» **ACTION ITEM**
The following entries are to be repeated exactly, and the pictures are to be left behind.

» **DATASET RECORDS**
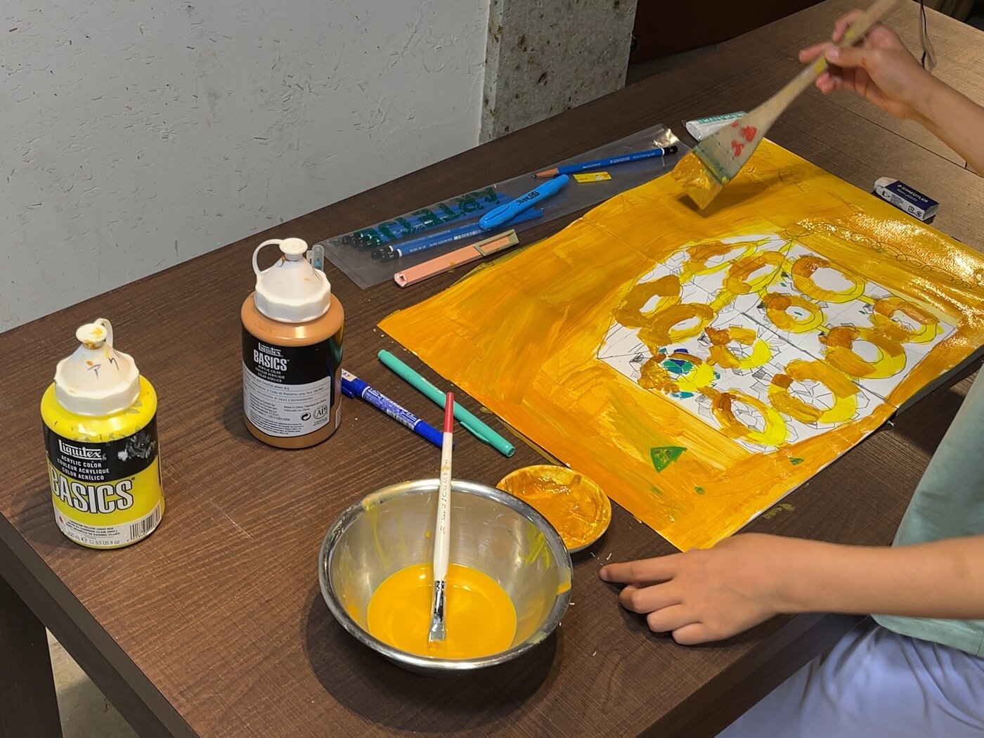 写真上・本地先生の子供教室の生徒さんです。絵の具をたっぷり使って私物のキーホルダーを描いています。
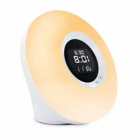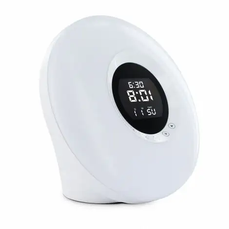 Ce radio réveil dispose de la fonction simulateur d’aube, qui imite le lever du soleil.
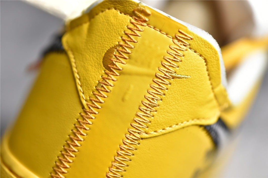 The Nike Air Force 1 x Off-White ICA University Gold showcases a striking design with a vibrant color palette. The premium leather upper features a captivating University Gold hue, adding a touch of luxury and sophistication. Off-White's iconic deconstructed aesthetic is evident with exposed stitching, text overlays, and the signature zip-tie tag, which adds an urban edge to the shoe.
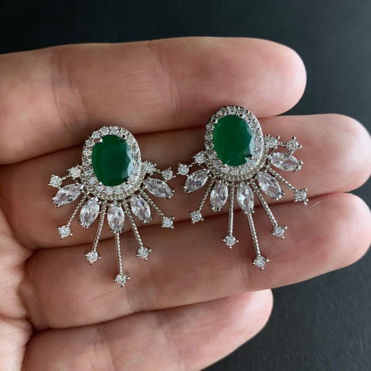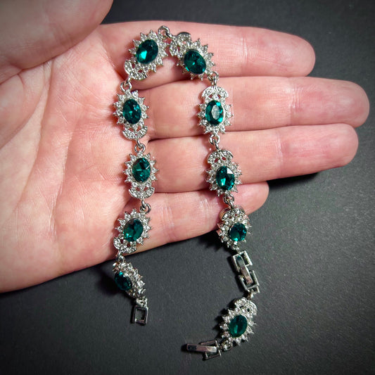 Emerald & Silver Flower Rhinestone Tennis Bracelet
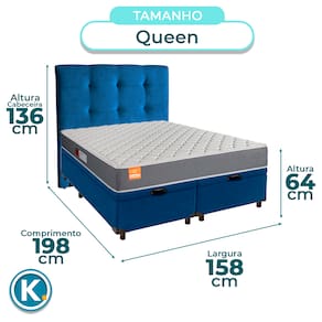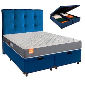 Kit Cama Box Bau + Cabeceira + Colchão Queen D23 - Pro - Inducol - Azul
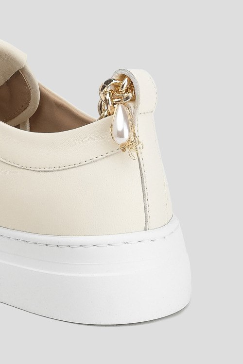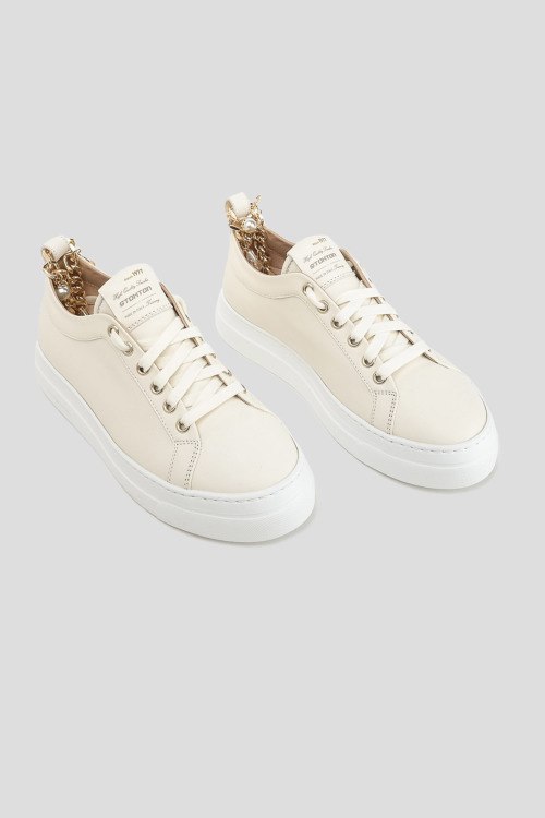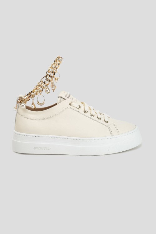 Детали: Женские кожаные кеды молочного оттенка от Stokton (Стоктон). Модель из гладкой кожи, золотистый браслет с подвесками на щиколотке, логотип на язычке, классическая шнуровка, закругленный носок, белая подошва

» **EXERCISE RESPONSE**
 写真上・本地先生の子供教室の生徒さんです。絵の具をたっぷり使って私物のキーホルダーを描いています。
 Ce radio réveil dispose de la fonction simulateur d’aube, qui imite le lever du soleil.
 The Nike Air Force 1 x Off-White ICA University Gold showcases a striking design with a vibrant color palette. The premium leather upper features a captivating University Gold hue, adding a touch of luxury and sophistication. Off-White's iconic deconstructed aesthetic is evident with exposed stitching, text overlays, and the signature zip-tie tag, which adds an urban edge to the shoe.
 Emerald & Silver Flower Rhinestone Tennis Bracelet
 Kit Cama Box Bau + Cabeceira + Colchão Queen D23 - Pro - Inducol - Azul
 Детали: Женские кожаные кеды молочного оттенка от Stokton (Стоктон). Модель из гладкой кожи, золотистый браслет с подвесками на щиколотке, логотип на язычке, классическая шнуровка, закругленный носок, белая подошва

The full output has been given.